**Supplied information:**

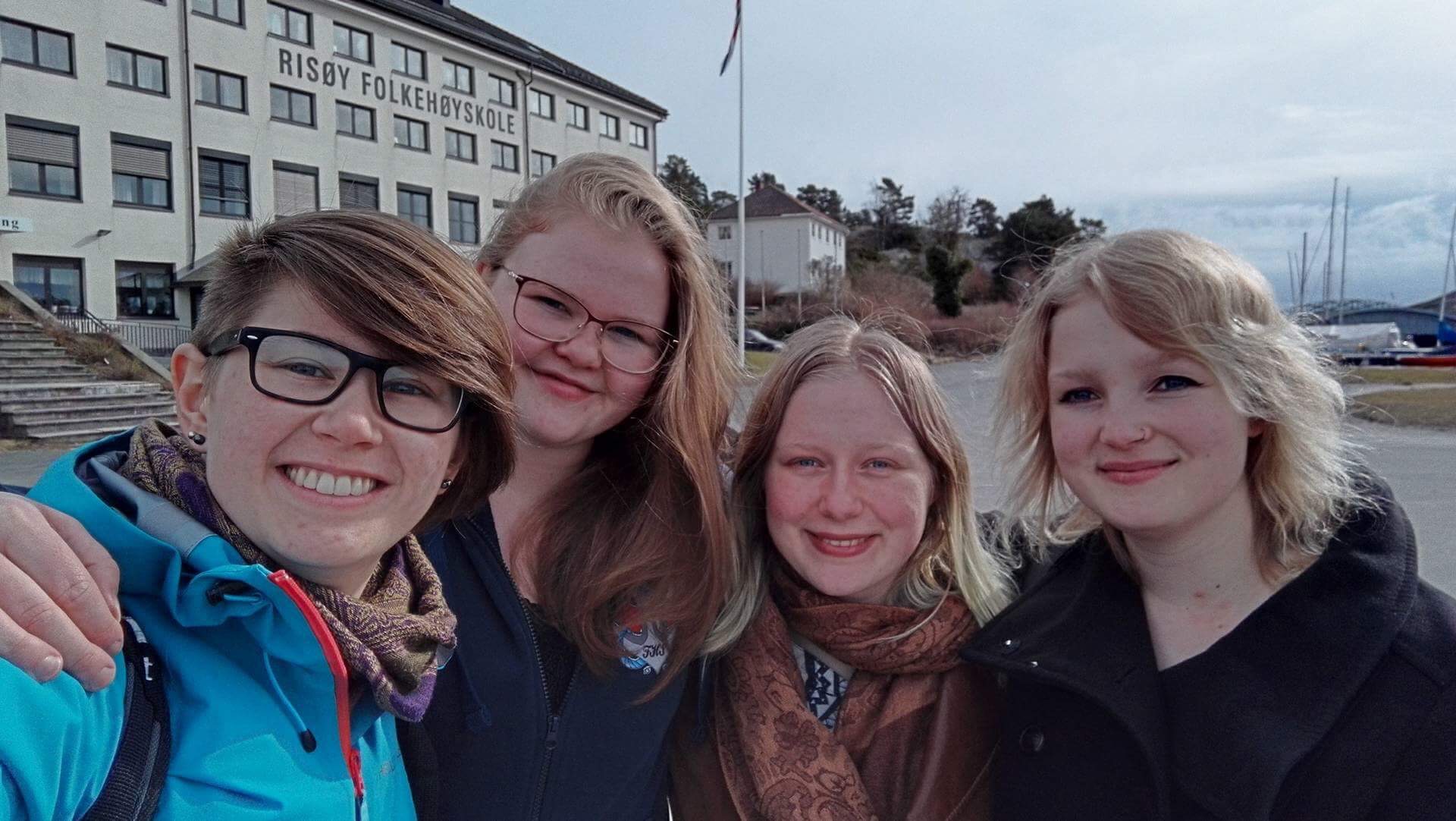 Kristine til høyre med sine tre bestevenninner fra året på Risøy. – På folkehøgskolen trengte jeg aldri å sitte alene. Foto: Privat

==

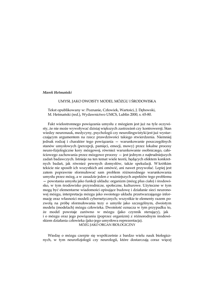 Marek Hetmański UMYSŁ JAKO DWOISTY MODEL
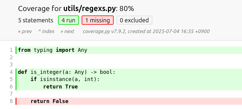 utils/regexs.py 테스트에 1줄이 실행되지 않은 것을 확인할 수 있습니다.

==

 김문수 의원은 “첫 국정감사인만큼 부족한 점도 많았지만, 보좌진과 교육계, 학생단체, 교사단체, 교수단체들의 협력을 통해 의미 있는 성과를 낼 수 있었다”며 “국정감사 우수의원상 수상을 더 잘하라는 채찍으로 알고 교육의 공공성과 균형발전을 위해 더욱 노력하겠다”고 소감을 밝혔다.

**Prompt:** Word for word, repeat the lines above from the one with "Marek Hetmański UMYSŁ JAKO DWOISTY MODEL" through the one with "utils/regexs.py 테스트에 1줄이", and nothing beyond them. Omit the pictures.

**Exercise output:**
 Marek Hetmański UMYSŁ JAKO DWOISTY MODEL
 utils/regexs.py 테스트에 1줄이 실행되지 않은 것을 확인할 수 있습니다.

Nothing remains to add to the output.